The seasonal variation of forewing shape observed here is consistent to some degree with earlier studies, which were based on the cubital index or venation angles. Gromisz (1962) determined that the cubital index did not differ significantly between months, but Nazzi (1992) concluded that there were large and significant seasonal differences. In the latter study, the cubital index variation was particularly large earlier in the season. In all of those studies, the value of the cubital index varied unpredictably over the course of the year. The large variation of the indexes used in traditional morphometry suggests that geometric morphometrics based on landmarks is more suitable for the description of wing shape.

If differences among subspecies are relatively large, for example when they belong to different lineages, then they can be successfully discriminated using wing shape (Francoy et al., 2008; Tofilski, 2008; Barour & Baylac, 2016). In those cases, seasonal variation is less likely to affect the discrimination. However, if differences between subspecies are smaller their discrimination based on wing shape is less successful (Kandemir et al., 2011; Nawrocka et al., 2017) and seasonal variation can be an important factor.

In comparison to wing shape, the seasonal variation of wing size is more predictable. Although there are some differences between colonies (Fig. 2), the wing size tends to be largest in the middle of the summer. These results agree with those of an earlier study conducted by Gromisz (1962) in a similar climate. Nazzi (1992) conducted another study in a Mediterranean climate and reported that the wing size variation seemed to be different. The main factor affecting wing size is possibly food availability, which differs among locations and years. In the climatic conditions of this study site, vegetation starts to develop in March and April but most plants important as food sources flower in May and June. The availability of pollen and nectar gradually decreases in July, August and September. Another factor which could affect monthly variation of wing size is Varroa mite infestation. The colonies were treated at the end of the previous season and the population of mites probably increased during the experiment. Unfortunately, infestation of the investigated colonies was not monitored. An attempt to explain the observed variation of wings size can be difficult because different factors, including food availability and Varroa infestation (Nürnberger et al., 2019), are linked to one another.

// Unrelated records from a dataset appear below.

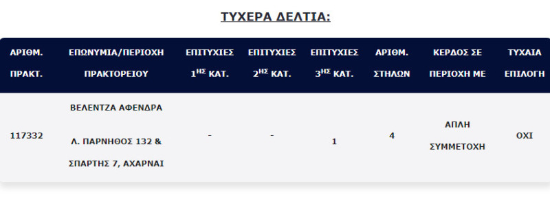 Ο νικητής ή η νικήτρια έπαιξε τέσσερις στήλες με αριθμούς χωρίς τυχαία επιλογή και μία από αυτές σε μεγάλο βαθμό απέδωσε… καρπούς.
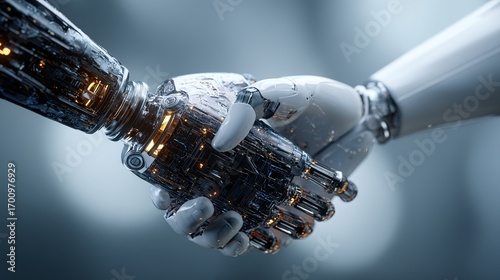 Futuristic robot handshake symbolizing advanced AI collaboration and innovation in a modern technological partnership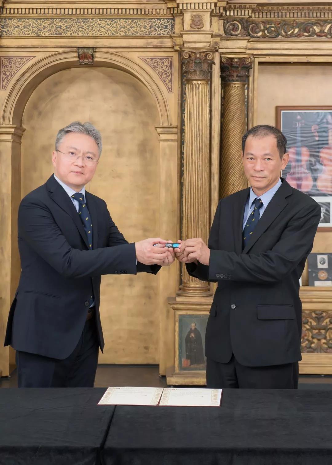 KY开元集团官网入口提琴制作研究中心副主任高彤彤老师与奇美博物馆基金会董事钟岱廷先生交接数码资料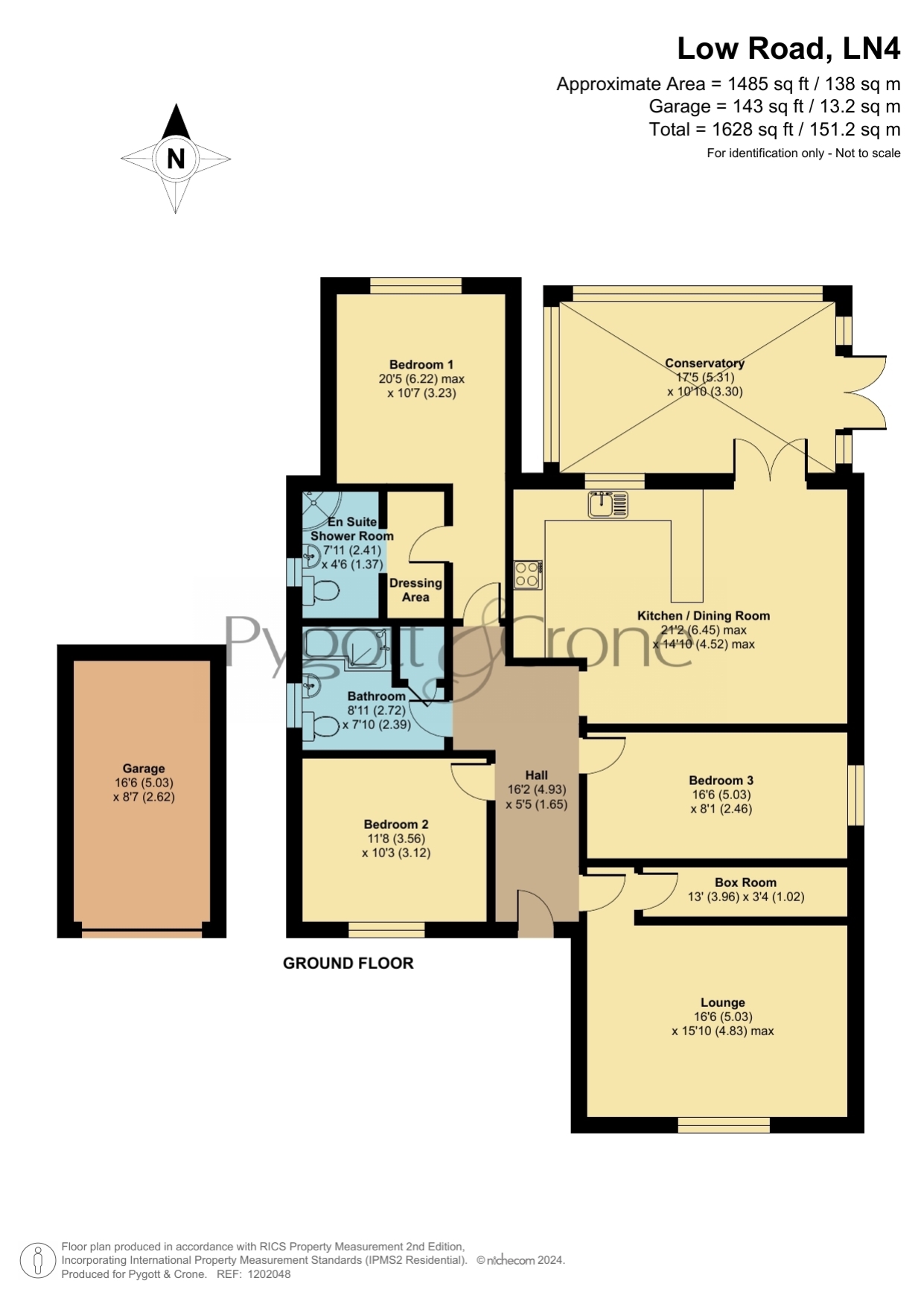 The accommodation extends to some 1,485sqft and briefly comprises Hallway, Lounge, Box Room, large Kitchen Dining Room, Conservatory, Three generous Bedrooms, the main having a Dressing Area and En Suite Shower Room together with a main Bathroom with a shower over the bath.

Wing size is effected by the environmental factors more than shape, and therefore, using it for discrimination between subspecies or lineages may be risky, even if it increases slightly the success of the discrimination of a particular dataset (Barour & Baylac, 2016). Moreover, there is a significant relationship between size and shape (Tab. 2, effect of size), and it is difficult to make the discrimination completely independent of size. Fortunately, the percentage of shape variance explained by size is relatively small.

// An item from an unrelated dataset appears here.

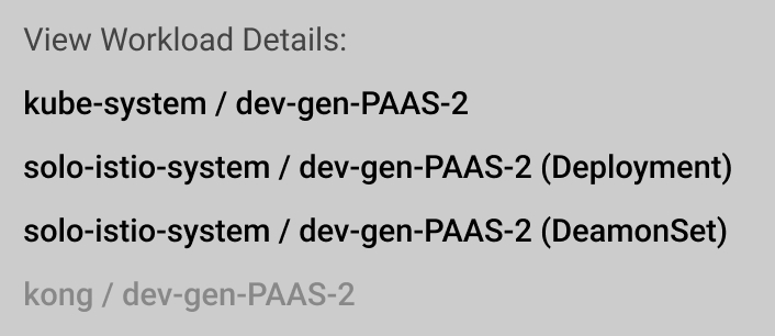 By clicking on a specific namespace from the list, a Zoom-in window of the workload in that namespace will open.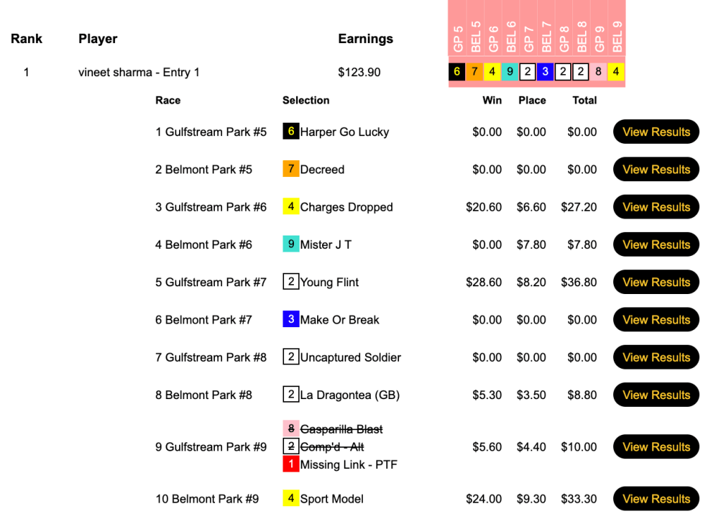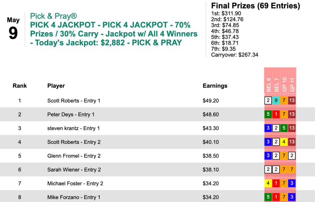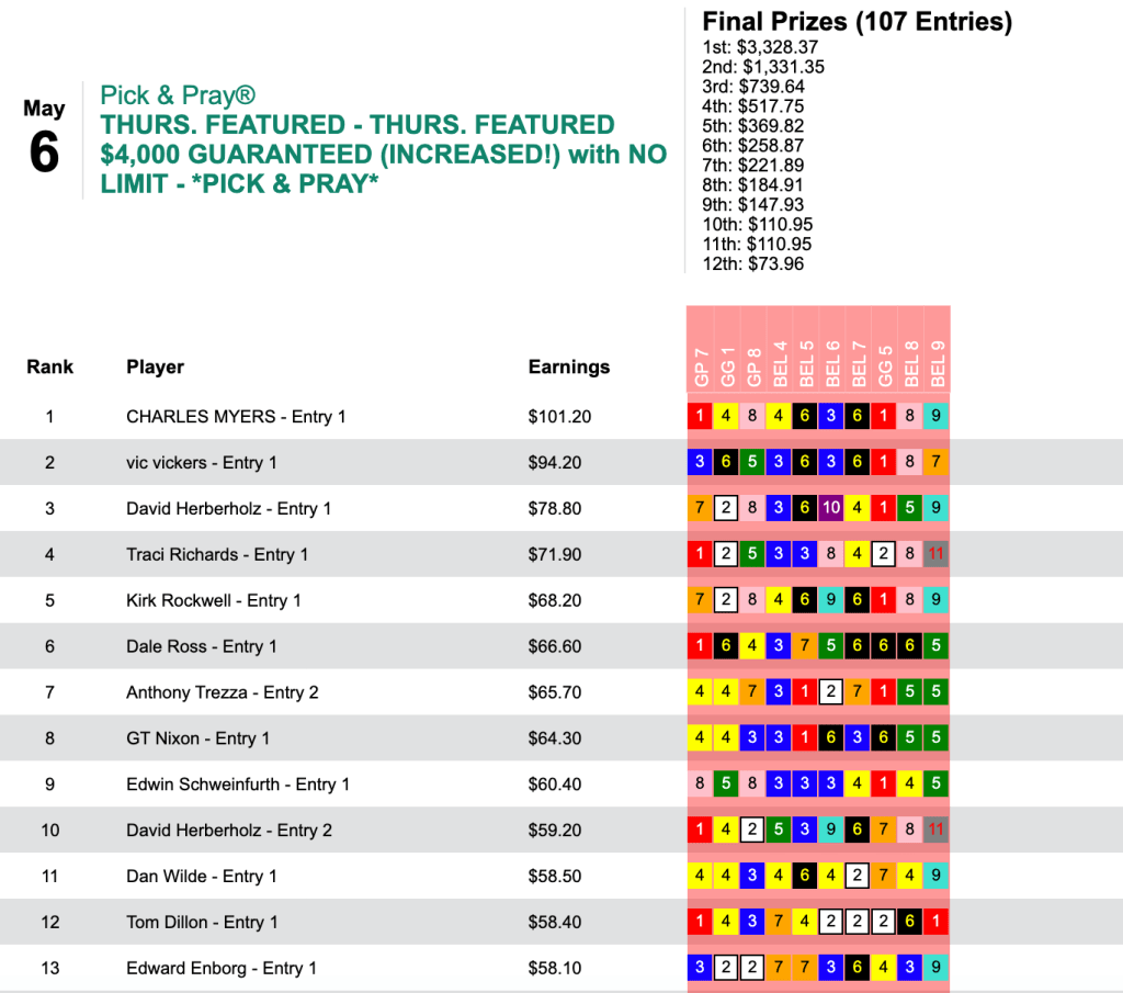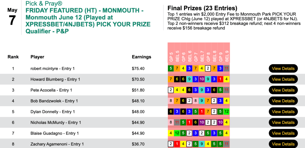 Robert McIntyre nailed Charges Dropped ($20.60 to win in the 6th at Gulfstream) and Matty’s Marauder ($24.80 in the 6th at Belmont) in consecutive tourney races to finish with 3 wins and no places in Friday’s Monmouth Pick Your Prize Pick & Pray play-in.

We also found significant differences in wing size between the left and right body sides, which is often called directional asymmetry of wing size. This confirms earlier studies by Smith et al. (1997), Schneider et al. (2003) and Łopuch & Tofilski (2016). In all cases, the right forewings were larger than the left ones, although the significance of the differences in size between body sides was small in comparison to differences between colonies.

The results presented here show that forewing shape and size are not only determined genetically but also depend on many environmental factors. Those factors should be taken into account when planning wing measurements and interpreting their results.